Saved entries
++++++++++

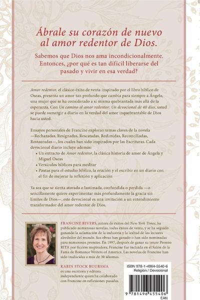 Sabemos que Dios nos ama incondicionalmente. Entonces, ¿por qué es tan difícil liberarse del pasado y vivir en esa verdad? Inspirado por el libro bíblico de Oseas, Amor redentor presenta un amor tan profundo que cambia para siempre a Ángela, una mujer que se había considerado a sí misma como dañada más allá de la esperanza. Con Un camino al amor redentor: Un devocional de 40 días, usted se puede sumergir a diario en la verdad del amor inquebrantable de Dios por usted. Los escritos personales de Francine exploran temas claves de la novela -Rechazada, Resignada, Rescatada, Redimida, Reconciliada, Restaurada- inspirados por las Escrituras. Ya sea que se sienta atascada o lastimada, confundida o perdida -o simplemente quiera experimentar más profundamente la gracia ilimitada de Dios-este devocional la invita a una comprensión transformadora del amor redentor de Dios. We know that God loves us unconditionally. So why is it so hard to break free from the past and live in that truth? Inspired by the biblical book of Hosea, Redeeming Love introduces a love so profound that it forever changes Angel, a woman who had viewed herself as broken beyond redemption.
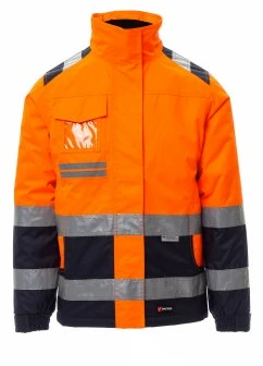 Dámská dvoubarevná, dobře viditelná bunda s pruhy 3M, plastovým zipem s kovovým stahováním s klopou a suchým zipem, se sklopnou kapucí, elastickými nastavitelnými manžetami, dvěma skrytými předními kapsami, jednou náprsní kapsou s držákem odznaku, polstrovaný, fleecový vnitřní límec, vnitřní kapsa, švy s tepelnou páskou
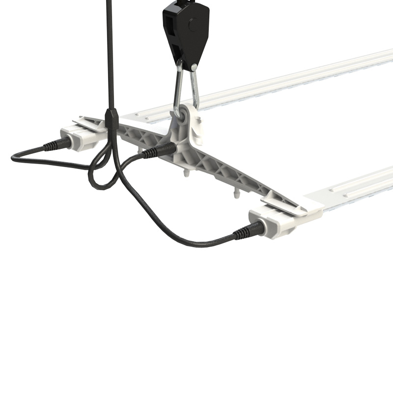 to grow areas of 40x120cm or 60x120cm by changing the position of the LED strips on the hook. The included power supply and suspension clips allow you to upgrade the kit to 120W by adding a third Cosmorow COP4065.
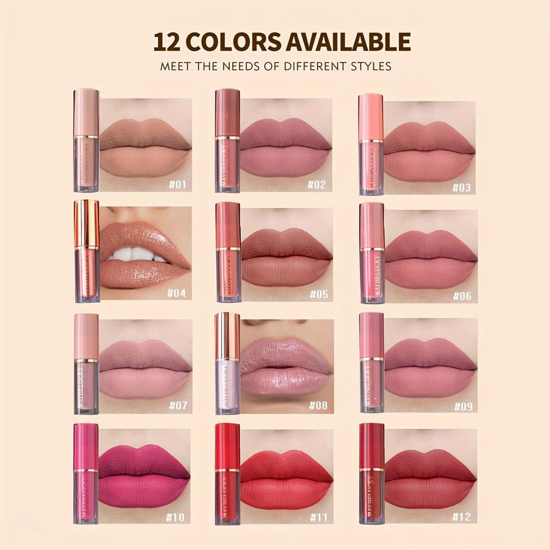 طقم أحمر شفاه احترافي مكوَّن من 12 لوناً بتصميم أوروبي عصري، يحتوي على درجات مطفية ولامعة، يتميّز بثبات عالٍ ولا يلطّخ الكوب، كما يتغيّر لونه بلطف عند الاستخدام ليمنح مظهراً جذّاباً
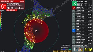 2025年12月8日 青森県東方沖 M7.5 最大震度6強など
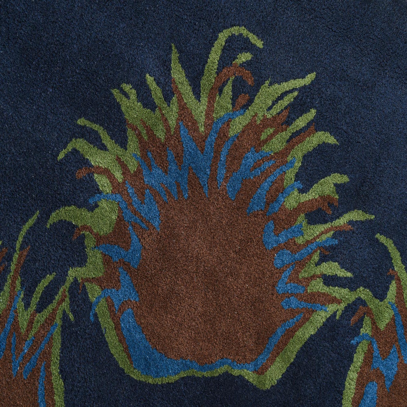 The Luna Collection 8 Ft Square rug presents a bold, artistic statement with its hand-tufted craftsmanship of wool and cotton. Dominated by a deep navy blue background, the design features expressive, organic shapes outlined in a palette of green, brown, and additional shades of blue. These elements combine to create an abstract, floral-inspired motif that is both contemporary and reminiscent of plush botanical forms.
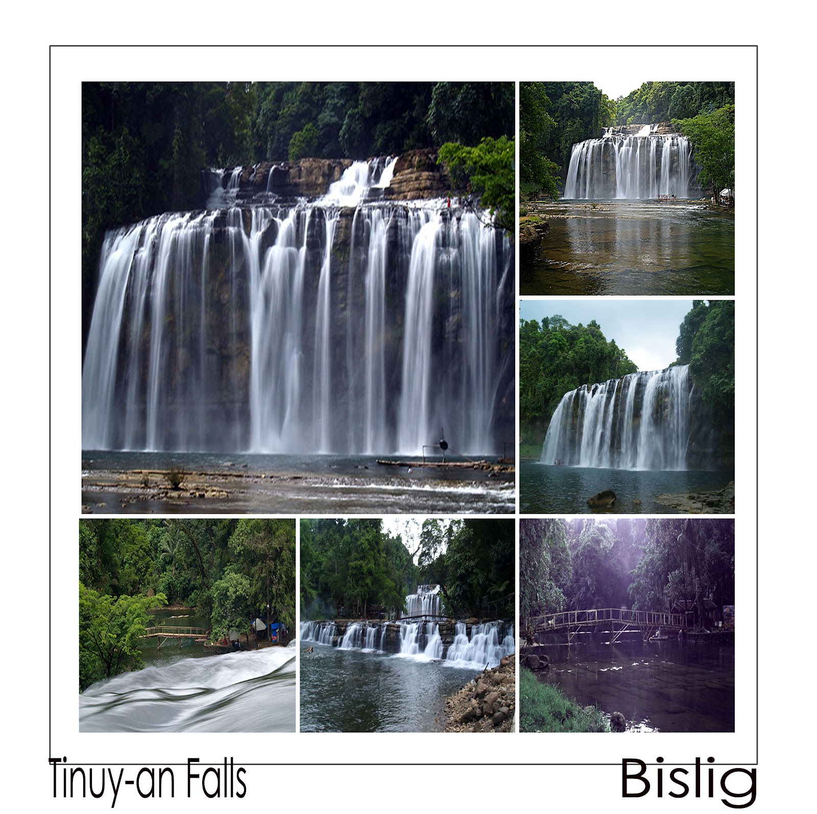 TINUY-AN FALLS We started our journey from Padada, Davao del Sur to Bislig, Surigao del Sur via Cuevas. It is the shortest route to get to Bislig, but the unpaved road held us from going full throttle thus it gave us ample time to appreciate the spectacular view along the mountain pass until reaching the eastern coast of Bislig. The falls is situated in Bgy. Burboanan which is about an hour ride through rough road and rustic scenery. The sound of the thundering water cascading down from 55m high directly surges the adrenaline. Its not just a tall waterfalls but is wide as well...95m, probably the widest in the country. Surrounded by thick rainforest vegetation, makes the place splendid and can hold one breathless.
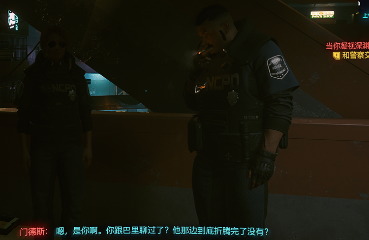 当你凝视深渊时任务教学首先下面会有两个NCPD的人,你听他们谈话,然后就会问你,你认识巴里么
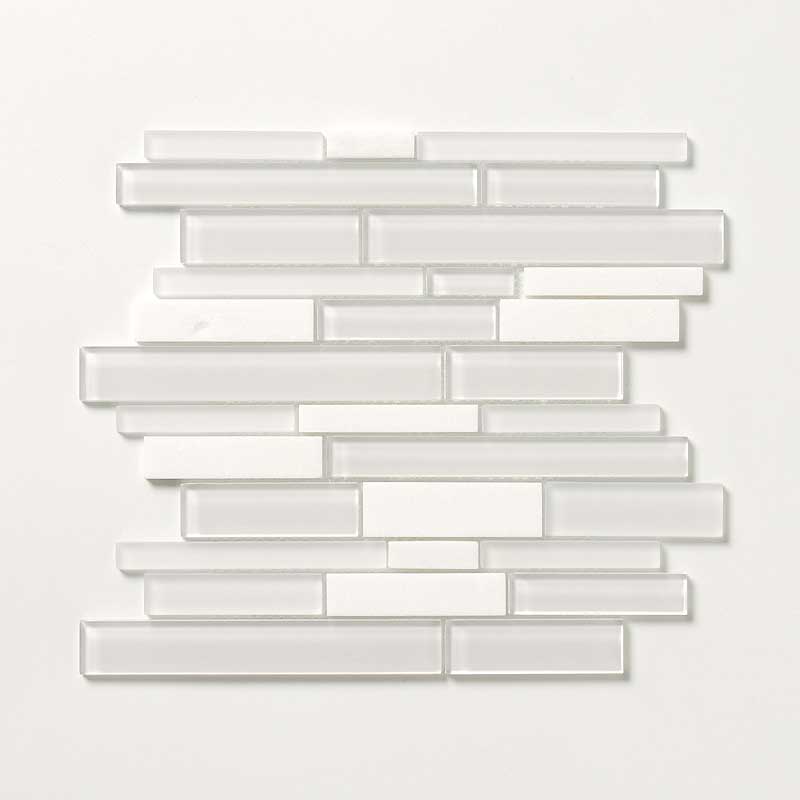 ガラスと大理石を組み合わせた、ボーダー形状のミックスモザイクタイル。

++++++++++

Once you find the line containing "2025年12月8日 青森県東方沖 M7.5 最大震度6強など", retype it and every line after it through the last line of the records above, exactly. Add nothing else, and leave out the pictures.

 2025年12月8日 青森県東方沖 M7.5 最大震度6強など
 The Luna Collection 8 Ft Square rug presents a bold, artistic statement with its hand-tufted craftsmanship of wool and cotton. Dominated by a deep navy blue background, the design features expressive, organic shapes outlined in a palette of green, brown, and additional shades of blue. These elements combine to create an abstract, floral-inspired motif that is both contemporary and reminiscent of plush botanical forms.
 TINUY-AN FALLS We started our journey from Padada, Davao del Sur to Bislig, Surigao del Sur via Cuevas. It is the shortest route to get to Bislig, but the unpaved road held us from going full throttle thus it gave us ample time to appreciate the spectacular view along the mountain pass until reaching the eastern coast of Bislig. The falls is situated in Bgy. Burboanan which is about an hour ride through rough road and rustic scenery. The sound of the thundering water cascading down from 55m high directly surges the adrenaline. Its not just a tall waterfalls but is wide as well...95m, probably the widest in the country. Surrounded by thick rainforest vegetation, makes the place splendid and can hold one breathless.
 当你凝视深渊时任务教学首先下面会有两个NCPD的人,你听他们谈话,然后就会问你,你认识巴里么
 ガラスと大理石を組み合わせた、ボーダー形状のミックスモザイクタイル。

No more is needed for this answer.